Data entries:
□ □ □ □

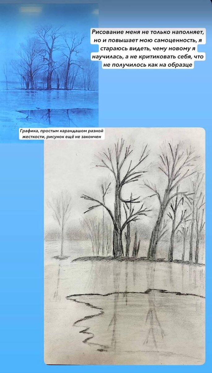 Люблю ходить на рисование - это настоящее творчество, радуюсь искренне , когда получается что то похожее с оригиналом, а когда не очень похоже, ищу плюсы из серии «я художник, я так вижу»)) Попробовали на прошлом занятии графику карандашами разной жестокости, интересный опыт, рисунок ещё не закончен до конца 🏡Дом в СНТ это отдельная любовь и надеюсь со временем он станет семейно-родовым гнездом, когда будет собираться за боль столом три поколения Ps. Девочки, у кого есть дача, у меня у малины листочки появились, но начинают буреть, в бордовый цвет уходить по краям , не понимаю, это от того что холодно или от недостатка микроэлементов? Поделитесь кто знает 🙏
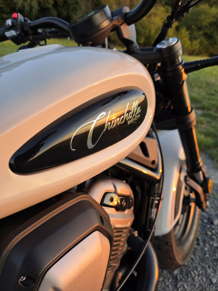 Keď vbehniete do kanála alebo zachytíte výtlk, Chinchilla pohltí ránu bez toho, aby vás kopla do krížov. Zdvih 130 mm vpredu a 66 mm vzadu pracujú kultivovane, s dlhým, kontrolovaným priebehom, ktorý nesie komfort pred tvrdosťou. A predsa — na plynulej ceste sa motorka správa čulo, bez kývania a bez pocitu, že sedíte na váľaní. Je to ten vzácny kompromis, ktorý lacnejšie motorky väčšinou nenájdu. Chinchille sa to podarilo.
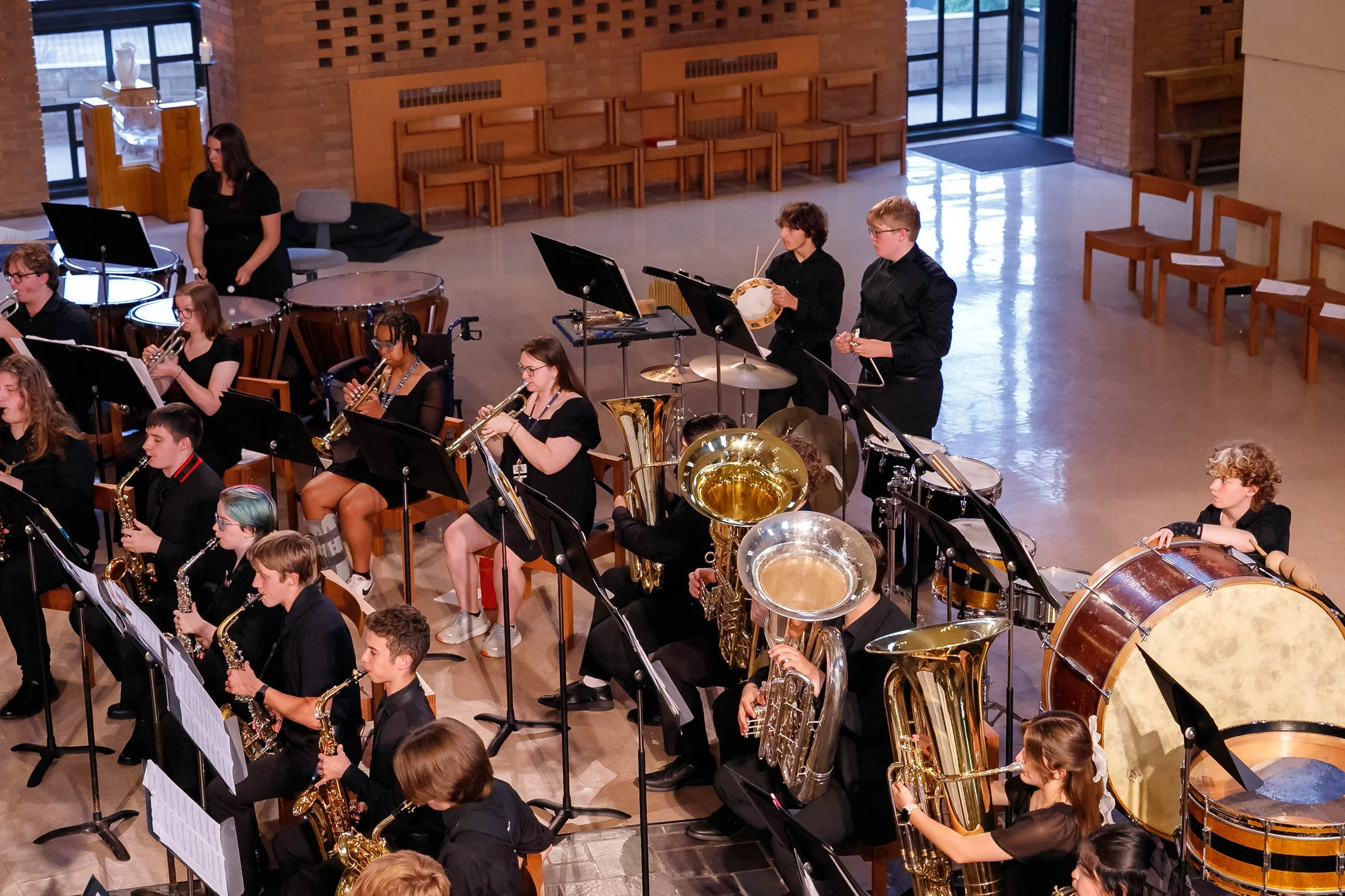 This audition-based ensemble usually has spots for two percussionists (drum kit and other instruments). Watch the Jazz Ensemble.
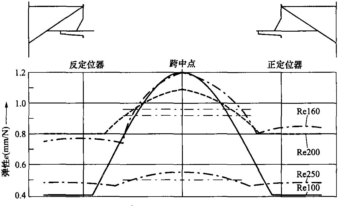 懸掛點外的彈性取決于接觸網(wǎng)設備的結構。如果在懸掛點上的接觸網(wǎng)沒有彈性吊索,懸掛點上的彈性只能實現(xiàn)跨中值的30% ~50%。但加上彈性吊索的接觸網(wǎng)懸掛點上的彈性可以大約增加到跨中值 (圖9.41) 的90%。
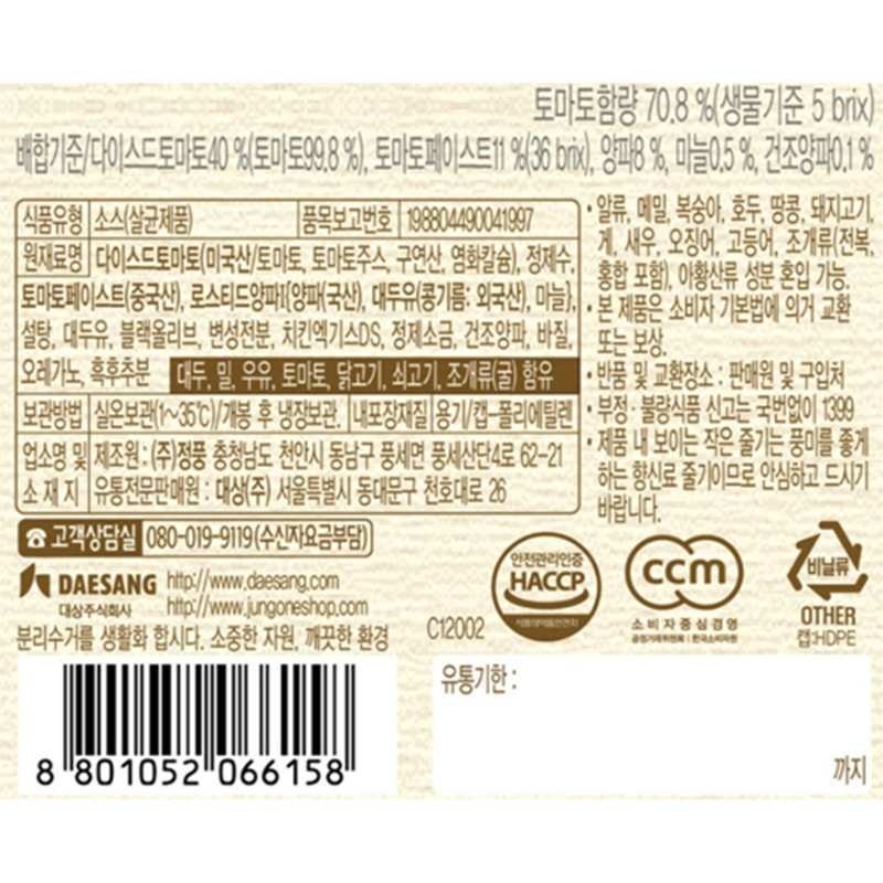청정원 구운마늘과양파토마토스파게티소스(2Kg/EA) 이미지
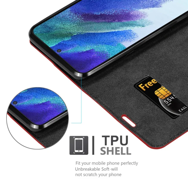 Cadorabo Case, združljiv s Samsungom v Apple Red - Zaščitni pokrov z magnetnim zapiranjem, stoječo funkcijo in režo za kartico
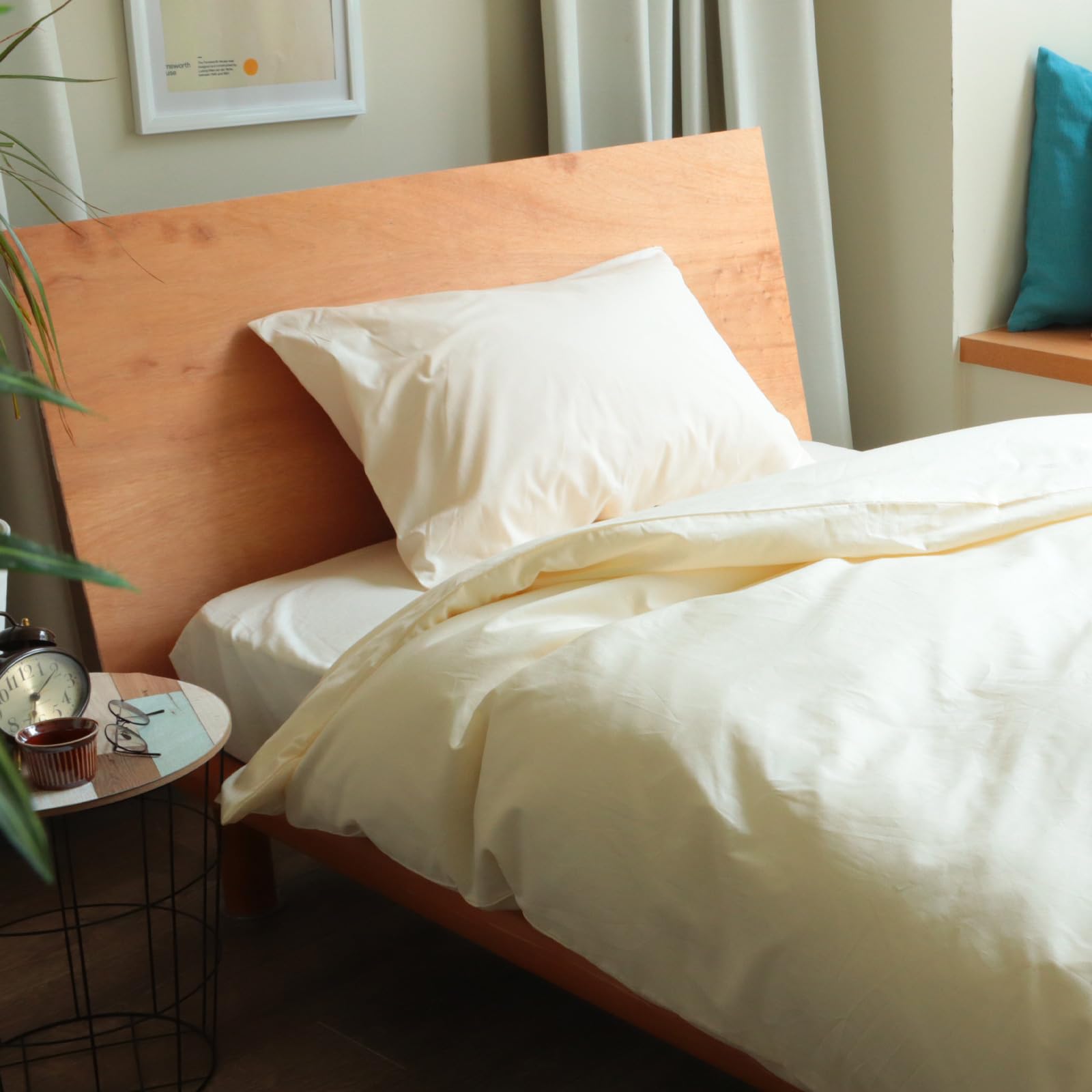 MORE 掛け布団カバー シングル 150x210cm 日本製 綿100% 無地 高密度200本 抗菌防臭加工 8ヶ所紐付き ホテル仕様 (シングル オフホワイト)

□ □ □ □

ABOUT THIS TASK: Print the data again word for word, pictures excluded.

RESPONSE BELOW:
 Люблю ходить на рисование - это настоящее творчество, радуюсь искренне , когда получается что то похожее с оригиналом, а когда не очень похоже, ищу плюсы из серии «я художник, я так вижу»)) Попробовали на прошлом занятии графику карандашами разной жестокости, интересный опыт, рисунок ещё не закончен до конца 🏡Дом в СНТ это отдельная любовь и надеюсь со временем он станет семейно-родовым гнездом, когда будет собираться за боль столом три поколения Ps. Девочки, у кого есть дача, у меня у малины листочки появились, но начинают буреть, в бордовый цвет уходить по краям , не понимаю, это от того что холодно или от недостатка микроэлементов? Поделитесь кто знает 🙏
 Keď vbehniete do kanála alebo zachytíte výtlk, Chinchilla pohltí ránu bez toho, aby vás kopla do krížov. Zdvih 130 mm vpredu a 66 mm vzadu pracujú kultivovane, s dlhým, kontrolovaným priebehom, ktorý nesie komfort pred tvrdosťou. A predsa — na plynulej ceste sa motorka správa čulo, bez kývania a bez pocitu, že sedíte na váľaní. Je to ten vzácny kompromis, ktorý lacnejšie motorky väčšinou nenájdu. Chinchille sa to podarilo.
 This audition-based ensemble usually has spots for two percussionists (drum kit and other instruments). Watch the Jazz Ensemble.
 懸掛點外的彈性取決于接觸網(wǎng)設備的結構。如果在懸掛點上的接觸網(wǎng)沒有彈性吊索,懸掛點上的彈性只能實現(xiàn)跨中值的30% ~50%。但加上彈性吊索的接觸網(wǎng)懸掛點上的彈性可以大約增加到跨中值 (圖9.41) 的90%。
청정원 구운마늘과양파토마토스파게티소스(2Kg/EA) 이미지
 Cadorabo Case, združljiv s Samsungom v Apple Red - Zaščitni pokrov z magnetnim zapiranjem, stoječo funkcijo in režo za kartico
 MORE 掛け布団カバー シングル 150x210cm 日本製 綿100% 無地 高密度200本 抗菌防臭加工 8ヶ所紐付き ホテル仕様 (シングル オフホワイト)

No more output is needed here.